The central bank has increased its policy rate by 250 bps since May last year to tame inflation.

March 29, 2023 / 02:36 PM IST
RBI may hike repo rate by 25 bps in April

RBI may hike repo rate by 25 bps in April

The monetary policy committee (MPC) of the Reserve Bank of India (RBI) is likely to increase the repo rate by 25 basis points (bps) in the April monetary policy meeting to fight higher inflation, economists said.

This stands in contrast to the SBI Research report on the MPC meeting that predicted status quo on the policy rate.

The MPC is scheduled to meet on April 3-6.

“With core inflation still above 6 percent and food inflation again raising its ugly head, the RBI may hike the repo rate one more time by 25 bps, before hitting the pause button in this cycle,” said Rajani Sinha, chief economist, CareEdge.

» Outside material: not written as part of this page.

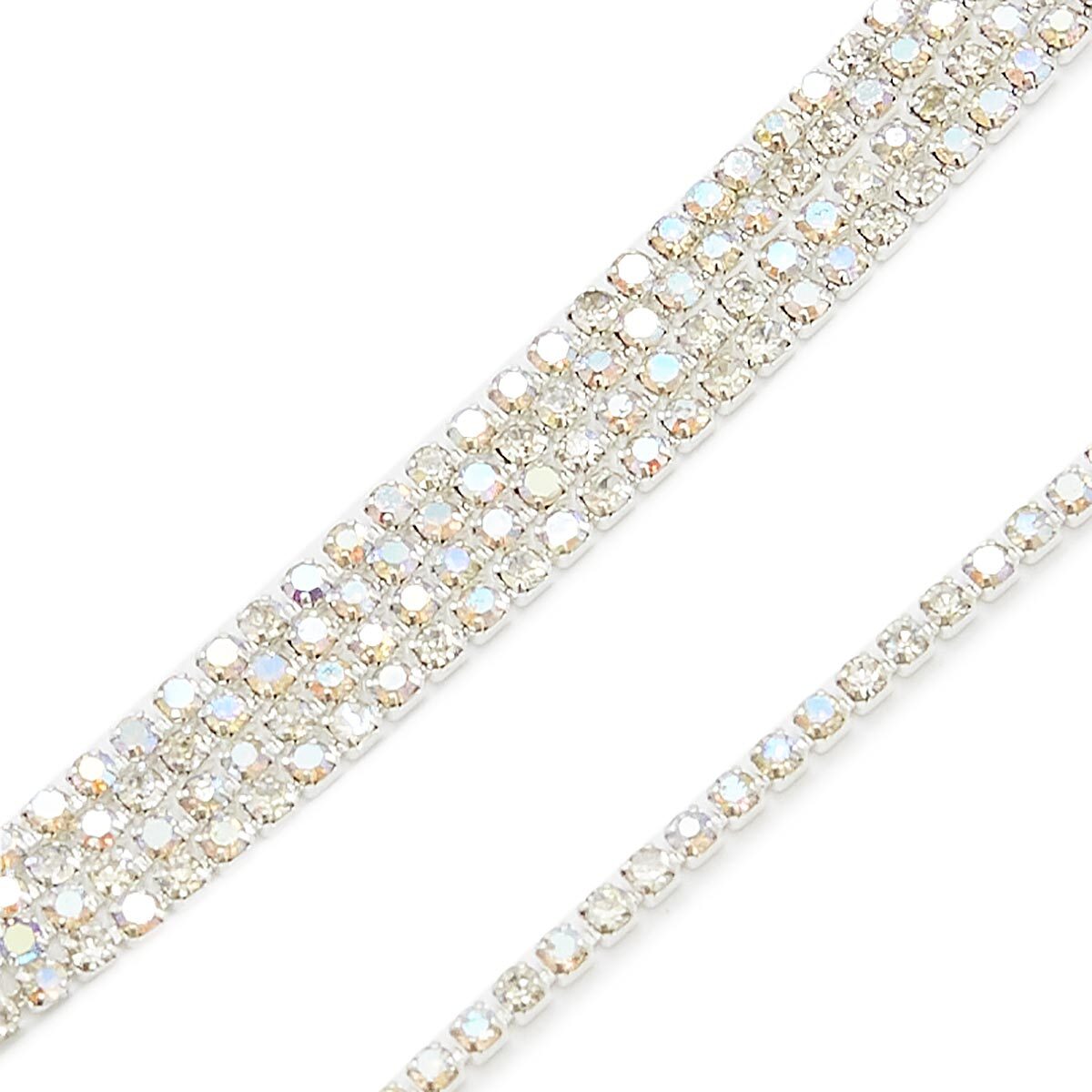 Стразы на цепочке – универсальная основа для авторской бижутерии. Формат цепочек позволяет быстро формировать ряд желаемой формы, а не крепить элементы по одному. Такие стразы можно использовать для оригинальных поделок, например: – создавать изящную бижутерию – броши, колье, браслеты; – мастерить нарядные заколки, ободки и другие украшения для волос; – расшивать праздничную одежду из плотных материалов, костюмы для выступлений. Стразы изготовлены из стекла, которое длительно сохраняет яркий блеск. Крепления металлические, имитация серебра. Цвет страз: прозрачный с покрытием АВ, которое создает радужные переливы. Размер страза – 2 мм, длина цепочки – 9,14 м.

ICRA in a report added that the anticipated April 2023 rate hike would take the repo rate to 6.75 percent, which is more than 100 bps higher than the MPC’s CPI inflation forecast for H2FY2024 and may be adequate given that the GDP expansion is at best likely to be similar. to potential GDP growth in that period.

The RBI has increased the repo rate by 250 bps since May last year to fight rising inflation.

Pause after April

Some economists expect the central bank to pause in the upcoming policy and remain more data-dependent for further assessment. ICRA said that after the hike in April, there should be an extended hiatus through the remainder of FY24 to assess the transmission of policy tightening.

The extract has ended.